1956 painting by Norman Rockwell

The Scoutmaster is a 1956 painting by American illustrator Norman Rockwell. It was originally created by Rockwell for the 1956 Brown & Bigelow Boy Scout Calendar. Since then, it has become one of the most collected images that Rockwell created for the Boy Scouts of America.

==Creation==
Rockwell set out to create a painting dedicated to the Scoutmasters of the United States. In 1953, he visited the 4th National Scout jamboree at Irvine Ranch. Rockwell, who used photographs as a source for his paintings, was staging a photo shoot at the jamboree. He approached a Scoutmaster from Oakland and asked him for four boys to pose for a photo. One of the four chosen was Howard Lincoln who would become the chairman of Nintendo of America and later the CEO of the Seattle Mariners. Lincoln is directly to the right of the campfire. The four Scouts set up tents and built a fire in the middle of a 90 F day. Rockwell found a professional Scouter at the jamboree headquarters to pose as the Scoutmaster for the all-day photo shoot.

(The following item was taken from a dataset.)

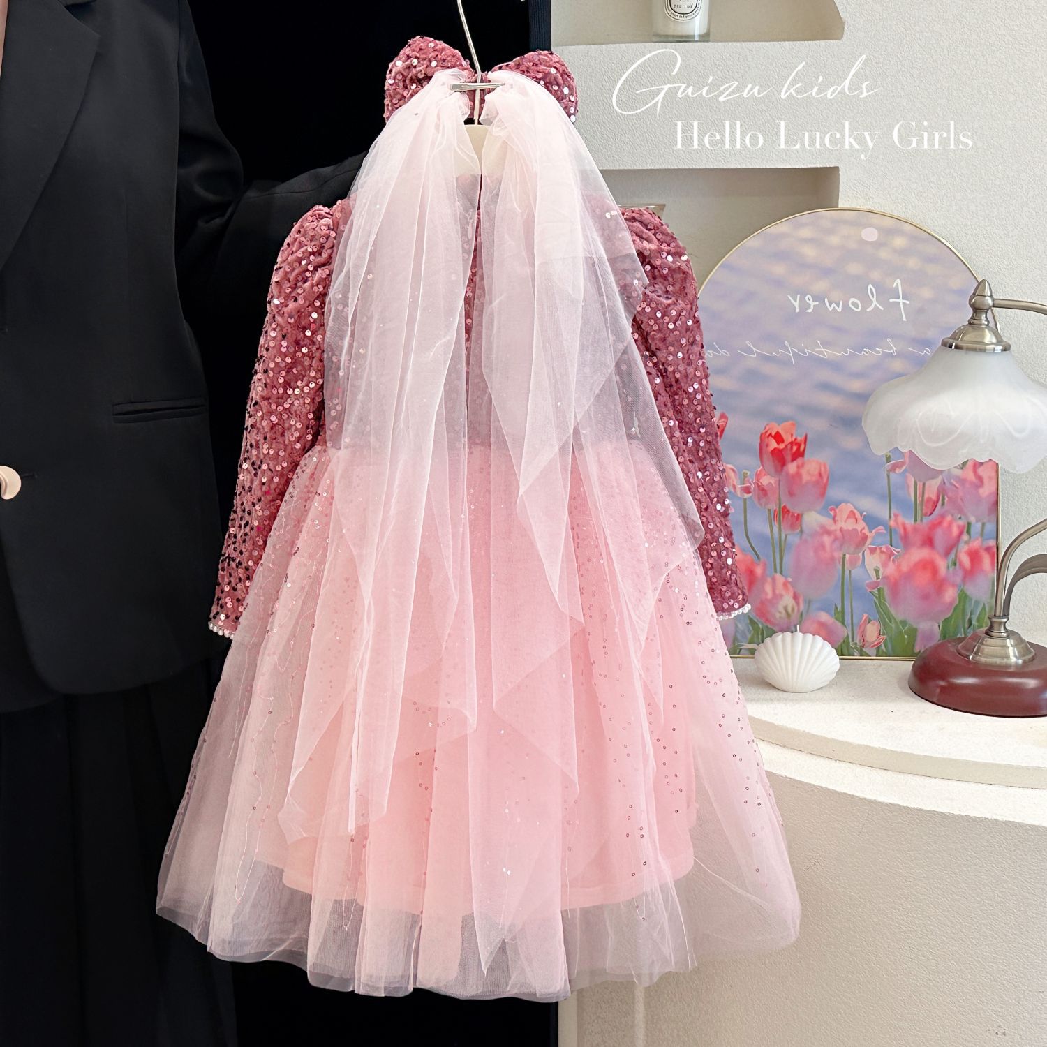 프린세스 원피스 소녀의 반짝이는 스템 핑크 중공업 원피스 소녀의 생일 원피스 메시 기모 폰테 원피스스토어 가기

Later that year, Lincoln and the other three Scouts each received a $25 check and a letter from Rockwell asking them to sign a release. Over the course of the next three years, Rockwell turned the daytime pictures into a nighttime painting. The tents in the painting were modified to be civilian tents with guylines and sidewalls instead of military-style pup tents. It debuted as the 1956 Boy Scout Calendar published by Brown & Bigelow.

==Composition==
The painting is a late night scene that features a Scoutmaster, in full uniform, looking into the dying remains of a campfire. The cookware for that night's dinner is still visible. In the background four Scouts are asleep in two tents. Lincoln is in a white shirt directly to the right of the Scoutmaster; his face is visible.

==Reception and legacy==
The Scoutmaster received praise from Peggy Heinkel-Wolfe who referred it is as one of Rockwell's "master works".

The painting was utilized by the Boy Scouts of America as the cover art for the 1960 edition of the Scoutmaster's Handbook and an issue of the magazine Boys' Life.